Peck brings these characters and events to life with a hefty peppering of figurative language, personification (“The lamp in her hand hissed and spat.” p 91), idioms (“It’s still summer said Lloyd, who never knew when to button his lip.” p 60), similes (“as warm as July, too warm to be bound up like a mummy under my shirt. p 68”), metaphors (the mush war ashes in my mouth p 61), alliterations (Sweet Singer of Sycamore Township), hyperboles (“Then farmers drove the dogs through the nettle hedge so they were scalded and scraped all at once and ready to be gutted and carved into cutlets and tongues.”), and sensory imagery (“As warm as July, too warm to be bound up like a mummy under my shirt. The hedges burgeoned, and the fields were heavy with bounty. It was an evening to inspire songs in praise of Indiana, of moonlight fair along the Wabash and the breath of new-mown hay from the fields and candlelight gleaming through sycamores.” P 68)

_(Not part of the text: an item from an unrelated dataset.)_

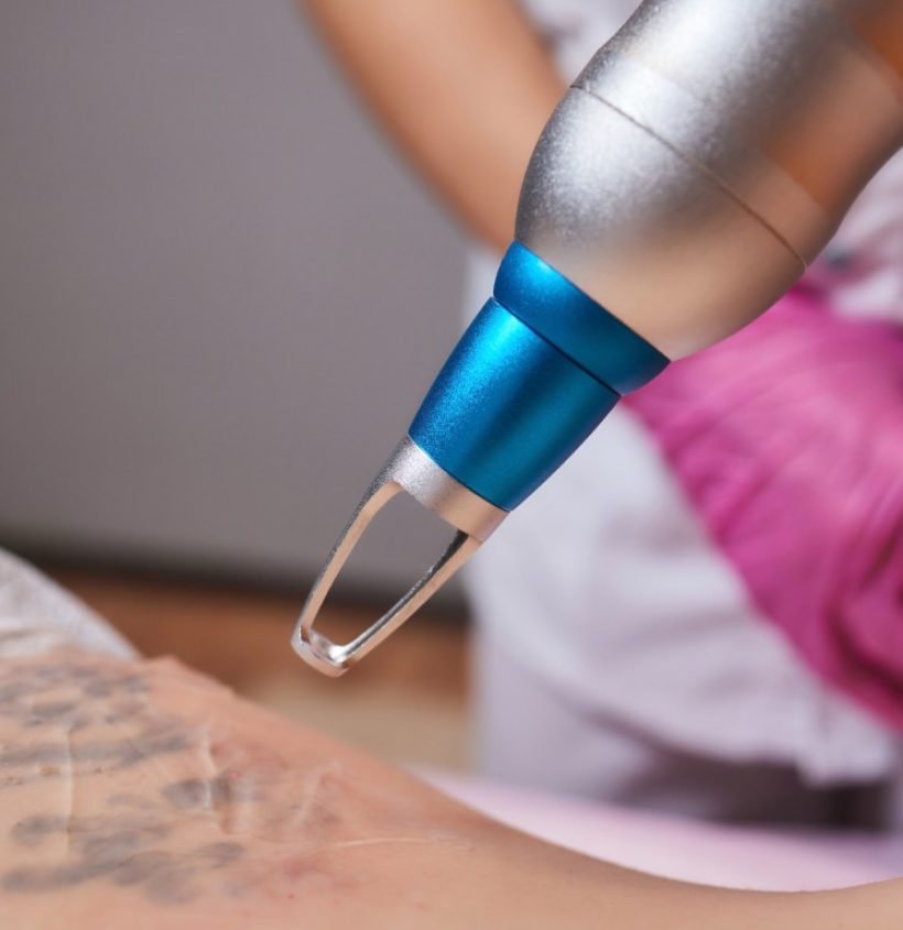 The gold standard for tattoo removal today is Q- Switched Laser Technology and advanced Picosecond lasers. These devices emit high intensity pulses of light that target tattoo ink without damaging the surrounding skin.

And in the final chapter, Peck understands that he must give his readers a glimpse into the futures of the characters his readers have come to know and love. Is everyone successful, as we would hope, or is there a failure in the group? Read this captivating novel to find out!
Highlight:
“When Miss Tansy’s students come to a crossroads, which path do they take? What are the influences of their decision? ” Who said it takes a whole village to raise a village?
Hook, Line, and sinker: And in the final chapter, Peck understands that he must give his readers a glimpse into the futures of the characters his readers have come to know and love. Is everyone successful, as we would hope, or is there a failure in the group? Read this captivating novel to find out!